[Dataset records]
******************************

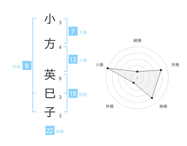 小方 英巳子さんの総格は22画の1点!
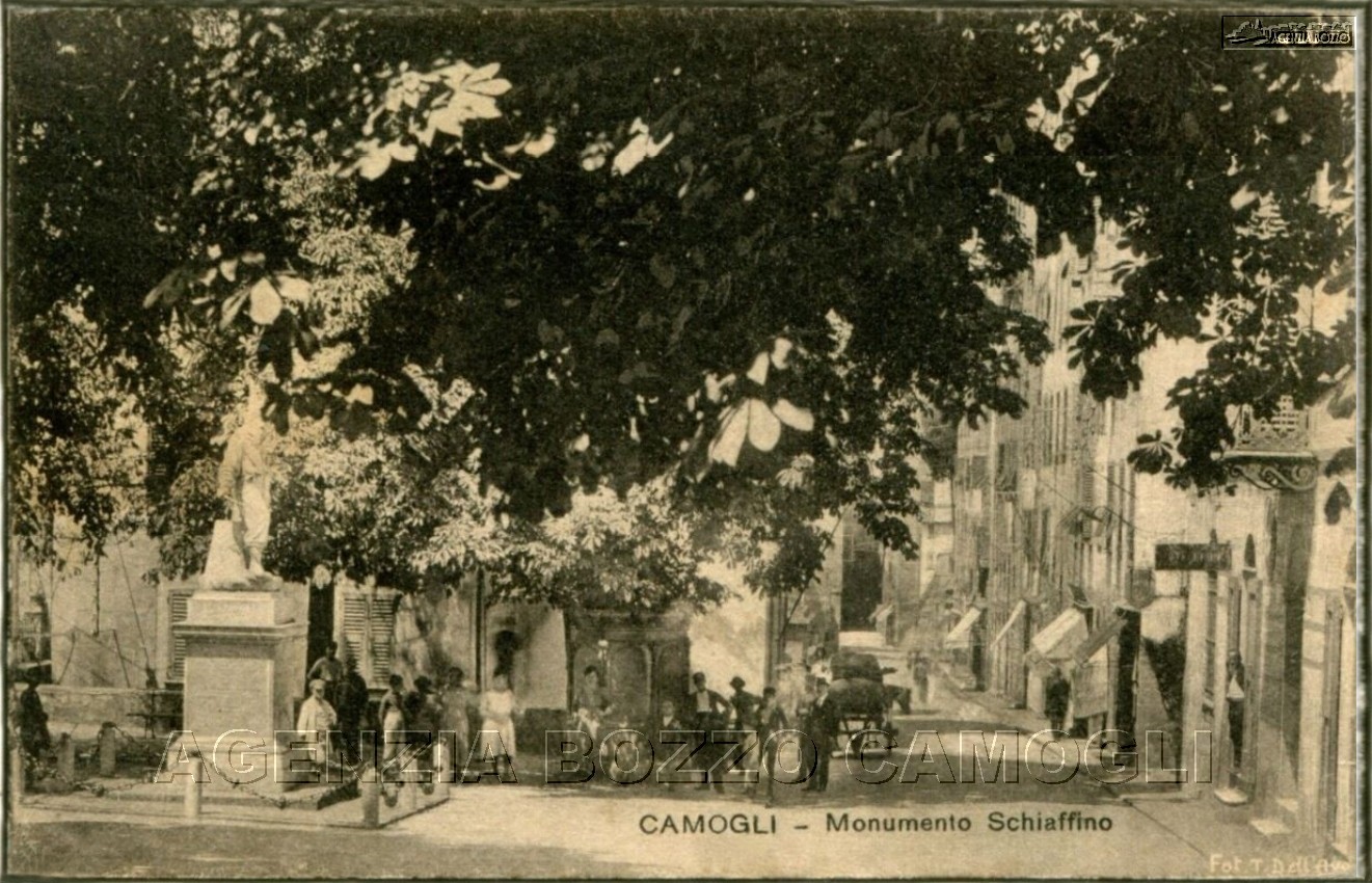 centro di aggregazione della città. Da notare il palazzo a sinistra che sporge dal filo della Via Vittorio Emanuele (ora Via della Repubblica) che restringeva la strada. Pochi anni dopo venne "tagliato" nella parte eccedente il filo dei palazzi adiacenti e così da rendere uniforme la larghezza della carreggiata in tutta la via. Il palazzo a destra di fronte al monumento a
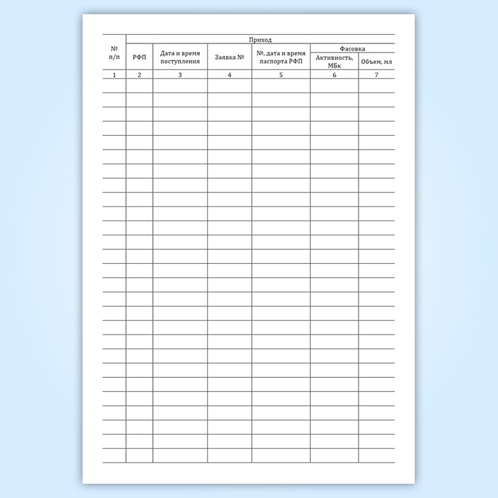 Графы журнала учета РФП в подразделении ПЭТ-диагностики:
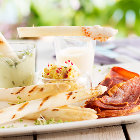 Gegrillter Spargel mit Dips & Chips
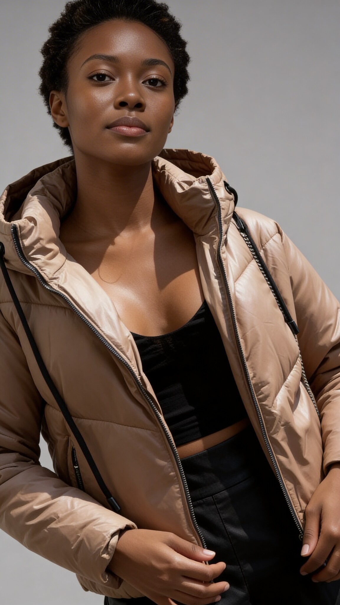 BeschrijvingCalista – Dik Gewatteerd Faux Leren Jack -Capuchon
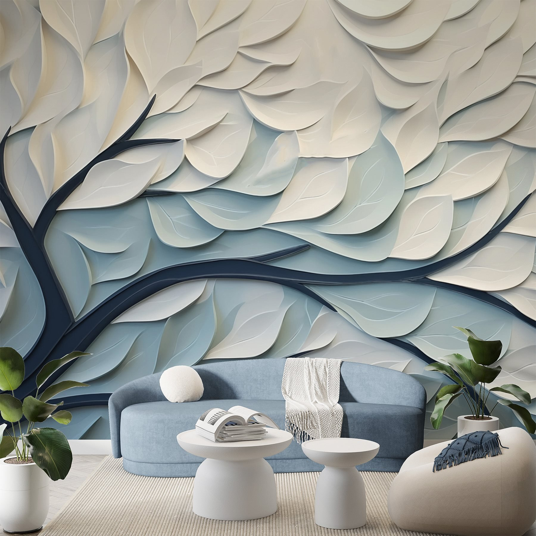 Premeňte akýkoľvek priestor na upokojujúcu oázu pomocou tejto úžasnej nástennej maľby s bielymi a modrými listami. Predstavte si, že vstúpite do miestnosti, kde vetvy siahajú po stene a prinášajú do interiéru prírodu. Jemné farby sú ako jemný vánok v teplý deň, ktorý navodzuje pokoj bez toho, aby kričal o pozornosť. Ideálny do obývačky, spálne alebo aj do útulného zákutia, kde popíjate rannú kávu. Je to ako mať kúsok prírody na dosah ruky – bez potreby záhradníckych zručností. Navyše, kto by neocenil krásne pozadie na spontánne tanečné párty?
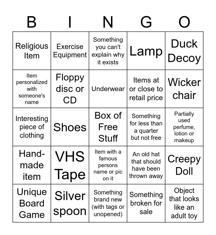 This bingo card has a free space and 24 words: VHS Tape, Silver spoon, Underwear, Unique Board Game, Duck Decoy, Religious Item, Item personalized with someone's name, Exercise Equipment, Something for less than a quarter but not free, Item with a famous persons name or pic on it, Items at or close to retail price, Interesting piece of clothing, An old hat that should have been thrown away, Creepy Doll, Floppy disc or CD, Something broken for sale, Partially used perfume, lotion or makeup, Something you can't explain why it exists, Wicker chair, Shoes, Object that looks like an adult toy, Hand-made item, Lamp and Something brand new (with tags or unopened).
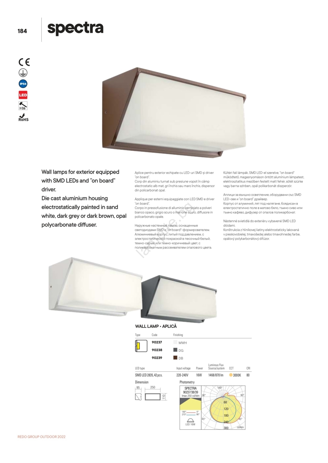 • Redo 90237 - LED Екстериорен аплик SPECTRA LED/16W/230V 3000K IP54 бял
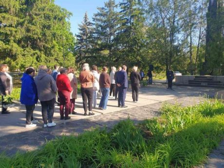 Присутні вшанували пам’ять загиблих у Другій світовій війні хвилиною мовчання та поклали квіти до пам'ятних знаків.
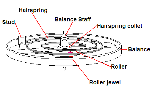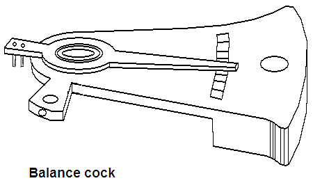 To remove the balance you must first remove the balance cock, to do so first remove the screw then place the  blade of a screwdriver into the notch at the back of the cock and with a twisting motion carefully pry the balance cock away from it’s seat on the pillar plate.  Then to remove the balance from the cock you must turn the whole assembly upside down and lay it flat on the bench, then loosen the hairspring stud screw and carefully lift the balance complete off the cock, some movements have one regulator pin that is bent at it’s end or made to cover the hairspring and keep it from coming out of the pins, for this type you must turn the regulator pin away so the hairspring can be lifted out of the regulator pins.

******************************

THE TASK: Only the lines from the beginning of the records up to and including the line with "BeschrijvingCalista – Dik" should appear, exactly as they are, and no pictures.

RESULT:
 小方 英巳子さんの総格は22画の1点!
 centro di aggregazione della città. Da notare il palazzo a sinistra che sporge dal filo della Via Vittorio Emanuele (ora Via della Repubblica) che restringeva la strada. Pochi anni dopo venne "tagliato" nella parte eccedente il filo dei palazzi adiacenti e così da rendere uniforme la larghezza della carreggiata in tutta la via. Il palazzo a destra di fronte al monumento a
 Графы журнала учета РФП в подразделении ПЭТ-диагностики:
 Gegrillter Spargel mit Dips & Chips
 BeschrijvingCalista – Dik Gewatteerd Faux Leren Jack -Capuchon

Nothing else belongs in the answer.